- Location: Boulder, Western Australia
- Date: February 2, 1942; 84 years ago
- Attack type: Bombing, murder–suicide
- Deaths: 15 (including the perpetrator)
- Injured: 15
- Perpetrator: Pero Raecivich

= Boulder bombings =

1942 bombings in Western Australia

On 2 February 1942, Pero Raecivich committed a series of bombings in the outback mining community of Boulder, Western Australia, killing 15 people, including himself, and injuring 15 others. The bombings are the deadliest act of mass murder in modern Western Australian history.

== Events ==
The first bombing took place at 16 Milton Street, a boarding house where 30 men were gathered in the dining room playing cards and gambling. At roughly 12:10 am, a metal container of gelignite exploded in the room, instantly killing seven people. Portions of the roof and walls were reported to have collapsed as a result of the explosion.

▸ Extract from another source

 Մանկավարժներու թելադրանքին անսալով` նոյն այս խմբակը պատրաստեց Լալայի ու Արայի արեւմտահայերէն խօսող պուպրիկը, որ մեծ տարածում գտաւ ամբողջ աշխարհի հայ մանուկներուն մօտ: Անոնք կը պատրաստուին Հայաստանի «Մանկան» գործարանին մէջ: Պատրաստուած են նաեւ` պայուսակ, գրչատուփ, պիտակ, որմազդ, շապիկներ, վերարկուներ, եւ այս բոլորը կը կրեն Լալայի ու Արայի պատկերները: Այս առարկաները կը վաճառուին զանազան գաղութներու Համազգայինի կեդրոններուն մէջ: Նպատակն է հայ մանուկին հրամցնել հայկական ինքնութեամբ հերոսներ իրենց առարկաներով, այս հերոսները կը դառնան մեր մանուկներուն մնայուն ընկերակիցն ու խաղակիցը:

This was followed twenty minutes later by two bombings at another boarding house, which formerly operated as Launceston Hotel before being delicensed, where Raecivich had been living. Witnesses recalled seeing Raecivich coming onto the back verandah with two lit gelignite bombs, throwing one into a kitchen, and another at a water tank in an attempt to explode it. Raecivich then entered into a physical struggle with Dusan "Dick" Boskovich, a bystander in the vicinity, striking him multiple times and dropping a knife before fleeing. The explosions at the former hotel failed to kill anyone, but did injure several.

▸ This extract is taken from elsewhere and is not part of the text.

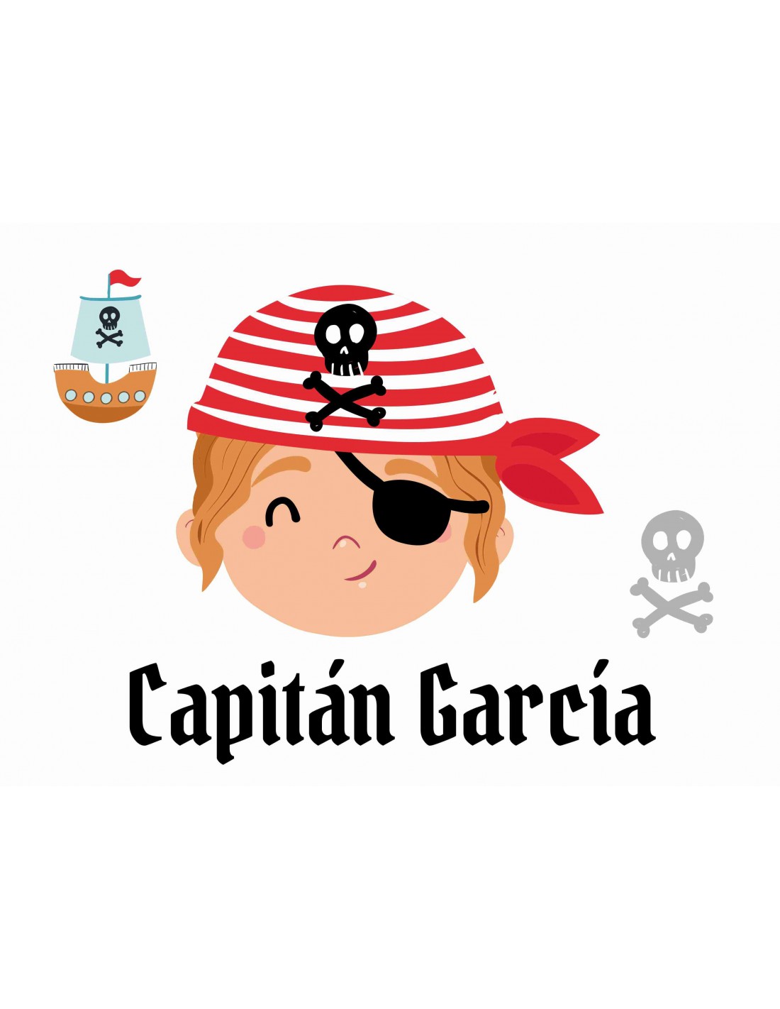 Hoja de papel de azúcar o chocotransfer impresa con tinta comestible para decorar tartas de temática Pirata y con el nombre personalizado.

A final explosion took place at around 2:00 am. Its cause was unknown until Reverend W. R. Forbes went to organise a funeral at Boulder Cemetery and discovered Raecivich's remains "scattered over a 100-yard radius".

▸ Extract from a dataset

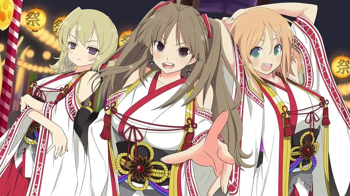 Raised together in a secluded village as priestesses, Renka, Hanabi, and Kafuru were inspired to become shinobi by a girl who often came from outside their village to play with them, who slew a monstrous creature and saved the village at the cost of her life. The three of them have trained together and share an unyielding bond. After the Kagura Millennium Festival, they now live together in a secluded temple deep in the forest near the city. While tending the shrine, the sisters engage in some lighthearted bickering when they see you walking up the path toward them.Deep in the forest, it was another simple day for the Mikagura sisters. Their chores were completed quickly, the shrine was clean as ever, they had an overstock of amulets, and there was no one else for them to perform rituals for. Deciding to relax while still monitoring the shrine, Renka, Hanabi, and Kafuru were lounging lazily on the steps beneath the torii gate and trying to enjoy the sounds of the woods and the blue sky above.

Eight additional victims died in hospital of their injuries over several days, raising the death toll to 15.

== Victims ==
Many of the victims were natives of what was then Yugoslavia, and had been living in Australia as mine workers. Kalgoorlie-Boulder historian Tim Moore posited the victims' ethnic background was significant, given the timing of the attacks coinciding with the Nazi occupation of Yugoslavia.

— Sources:

== Perpetrator ==
45-year-old mine worker Pero Raecivich (also spelled Raicevich) was identified as the perpetrator by numerous witnesses and through the identification of his remains by a wart on his neck. One witness stated that Raecivich was a quiet man who never threatened anyone. Conversely, another stated that he had heard Raecivich say "it would be better to blow all this up" after losing a game of rummy.

While a motive was not made public, in the investigation that followed the attacks, Coroner T. Ansell stated writings found in Raecivich's room may have indicated one. However, these findings were not revealed.